Ailelerin en değerli varlıkları olan çocuklarını öğretmenlere emanet ettiğine değinen Şener, bu yüzden eğitim çalışanlarının da yüzde 100 aşılanması gerektiğini kaydetti.

Şener, İtalya ve Fransa'da öğretmenler için aşının zorunlu olma durumunun söz konusu olduğunu dile getirerek ABD'de de kamu çalışanlara zorunluğun eylülde geleceğini ifade etti. Dünya genelinde ülke ülke yeni kararların açıklandığını anlatan Şener, Türkiye'de ise zorlamadan ziyade ikna yolunun şu an için tercih edildiğini aktardı.

Şener, okulların açılmasıyla yüksek öğrenimde eğitim gören 3 milyondan fazla kişinin yer değiştireceğine işaret ederek doğacak riskleri ortadan kaldırmak adına aşılanmanın hızlanması gerektiğini vurguladı. Aşının belirli gruplarda zorunlu olması gerektiğini dile getiren Şener, bu konuda bir rehber hazırlanabileceğini aktardı.

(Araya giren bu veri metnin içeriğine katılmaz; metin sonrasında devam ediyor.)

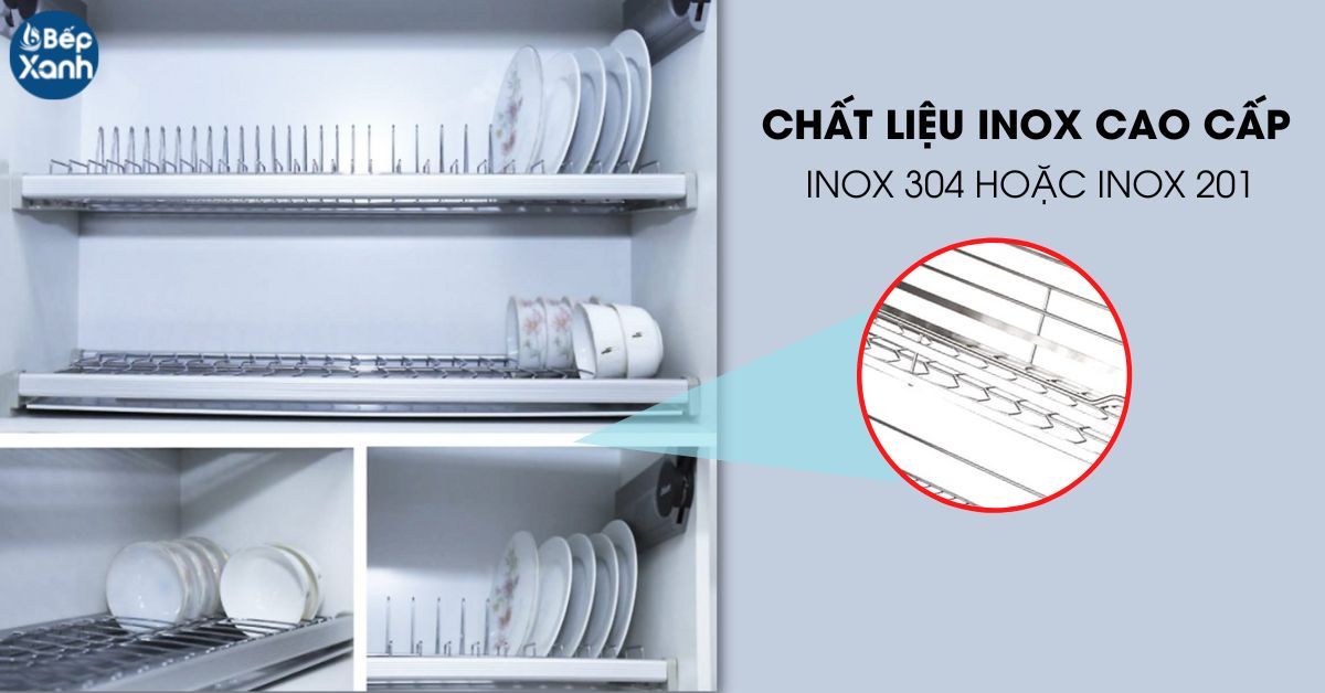 Mặc dù thời gian bảo hành đối với chất liệu inox 201 chỉ được tối đa là 2 năm nhưng đây cũng là loại chất liệu đạt tiêu chuẩn cao cấp của Châu Âu. Bởi vì lẽ đó mà các bộ phận của giá được làm từ chất liệu này cũng đều có thể chống gỉ khá tốt, bền bỉ và trên hết là an toàn với tất cả mọi người. Đây là giá bát cố định giá rẻ nhất trong các sản phẩm được ưa chuộng năm 2022, xét về chất lượng của sản phẩm không thua kém gì so với các loại khác trong top 5 sản phẩm đến từ hãng Eurogold.
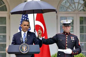 Obama could’ve moved his press conference indoors (it’s not like nobody predicted the rain), held his own umbrella, or just taken a little moisture. Instead, he had a Marine hold his umbrella. Whether it was because he was just inconsiderate, wanted to send a subtle message about his authority over and/or opinion of the military, or just because he gays off on telling people what to do, it was a douche move. The Marine correctly recognized that, complete bullshit or not, he’d been told to do something by the Commander-In-Chief, and he did it in a professional manner. Like all of us, it was probably not the first (or last) time he’s ever gotten a ratfuck assignment from his boss.
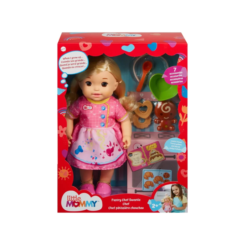 Com a Boneca Little Mommy Quero Ser Chef, as crianças podem brincar de cozinhar, aprender sobre profissões e se divertir criando histórias cheias de imaginação e cuidado.
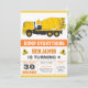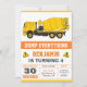 Éblouissez vos invités avec cet invitation de fête d'anniversaire cool à thème de construction avec un mixeur en béton jaune avec typographie moderne contre un arrière - plan blanc. Ajoutez simplement les détails de votre événement sur ce modèle facile à utiliser pour en faire une invitation unique. Retournez la carte pour révéler un motif rayé jaune et noir au dos de la carte.
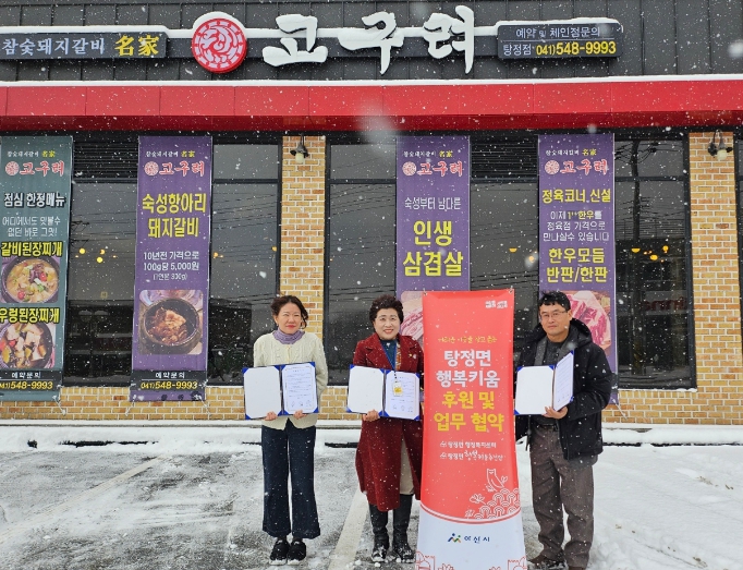 이두열 탕정면장은 “탕정면 주민을 위해 후원을 결정해 주신 고구려 정육식당 대표님에게 감사의 말씀을 드리며, 관내 주민복지 증진을 위해서 지속적으로 노력하겠다“고 전했다.
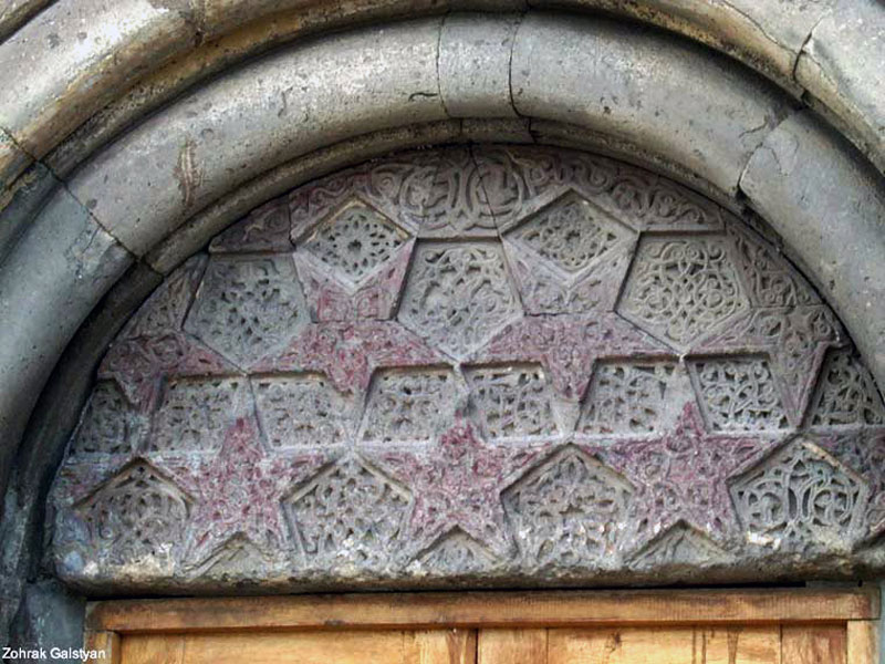 بنـا به تفـسیر بسیـاری از محققان معماری ارمنی، تزیین ورودی های اصلی بناها با استفاده از سنگ های ستاره شکل در معماری قرون دوازدهم و سیزدهم میلادی ارمنستان متداول بوده است. سردرهای بسیاری از این دوره به دست آمده است که با سنگ های ستاره شکل یا مربع شکل تزیین شده اند. [۲۴] در واقـع، قصر بارون هیـچ ارتباطی با دورۀ سلجوقی نداشته و در دورۀ حکومت زاکاریان ها بنا شده است. در سردر بسیـاری از کـلیـساهای قـرون دوازدهــم و سیـزدهــم میـلادی همچون ساقموساوانک،[۲۵] نـورواراگـاوانـک،[۲۶] هـاریجاوانـک[۲۷] و مشکـاوانـک[۲۸] نیـز از ایـن نـوع تزیینات استفاده شده است.
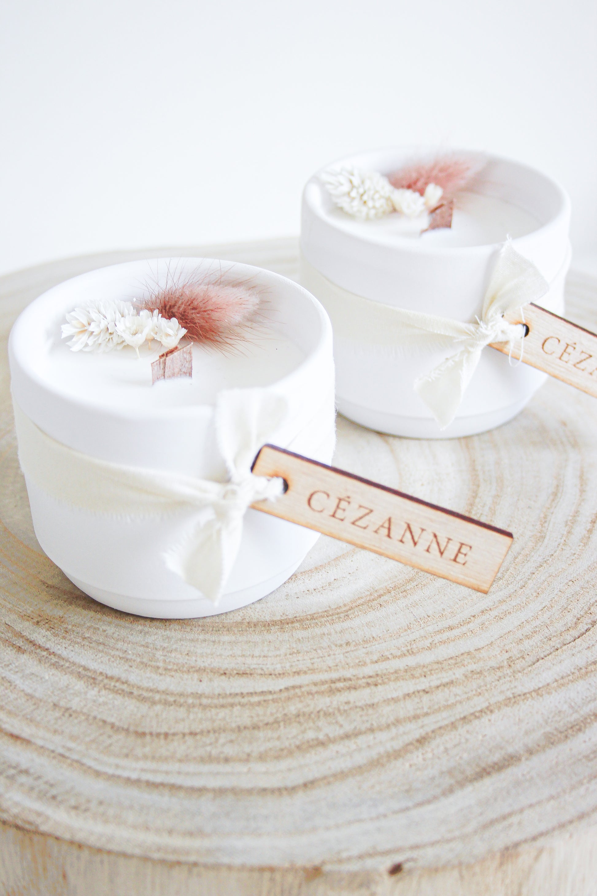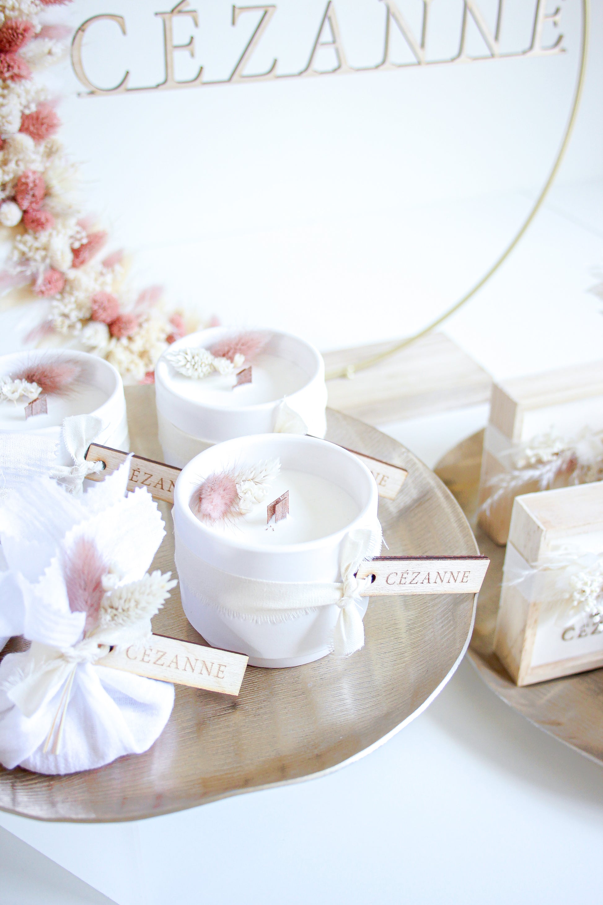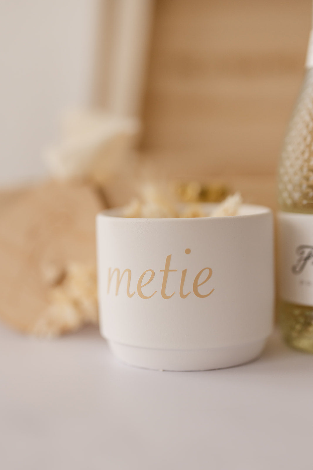 "Kleine, verfijnde kaarsjes in een wit keramieken potje met een houten lont, ideaal als geschenkje. Ze zijn leuk om te geven, kunnen gepersonaliseerd worden en zijn stijlvol afgewerkt met droogbloempjes. Klein maar fijn!"
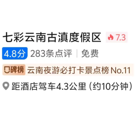 特别补充:古滇度假区内景点接驳巴士,平均每1-2小时发车,发车时间9点到21点。
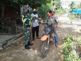 SERIBUPARITNEWS.COM, GAUNG - Babinsa Koramil 05/Gas Kodim 0314/Inhil Serda Jonlis Melaksanakan Penegakan Disiplin Protokol Kesehatan di Desa Lahang Hulu Kecamatan Gaung Selasa (16/02/2021)
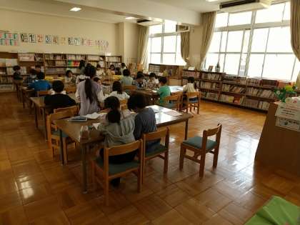 各学級週に1時間は、優先的に学校図書館を活用できる時間が割り振られています。自分で選んだ本を読んだり、教科の調べ学習に関係する本を探して必要な事柄をまとめたり、いろいろな活用の仕方があります。
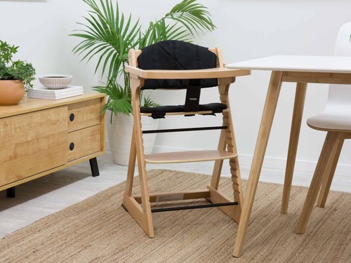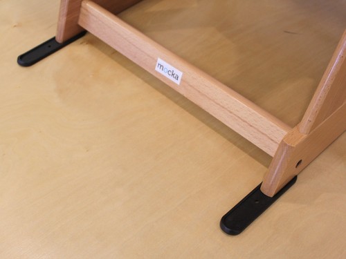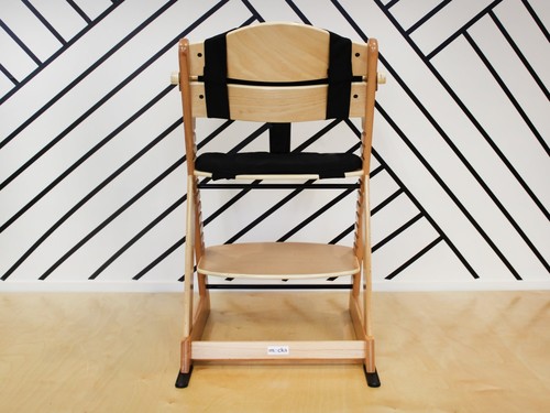 The Mocka Original Highchair comes with a set of seat cushions and a shoulder and waist harness, and safety strap between child's legs. It also includes leg extenders to use on the back of the highchair legs, these have an effect on reducing the centre of gravity.

"Aşı olmuş kişi 1 birim virüs taşırken, aşısızlar 100 ile 1000 birim arası virüs taşıyor"

Aşı olanlarla olmayanlar arasında virüs yükü farklılığı bulunduğuna dikkati çeken Şener, "Aşı olmuş kişi 1 birim virüs taşırken, aşısızlar 100 ile 1000 birim arası virüs taşıyor. Bu kadar bir fark varken toplumu aşılı ve aşısız diye bölmeye gerek yok" şeklinde konuştu.

Eylül ayında okulların açılmasının planladığına işaret eden Şener, dünya genelinde 15-17 yaş grubunda da aşılamanın başladığını sözlerine ekledi.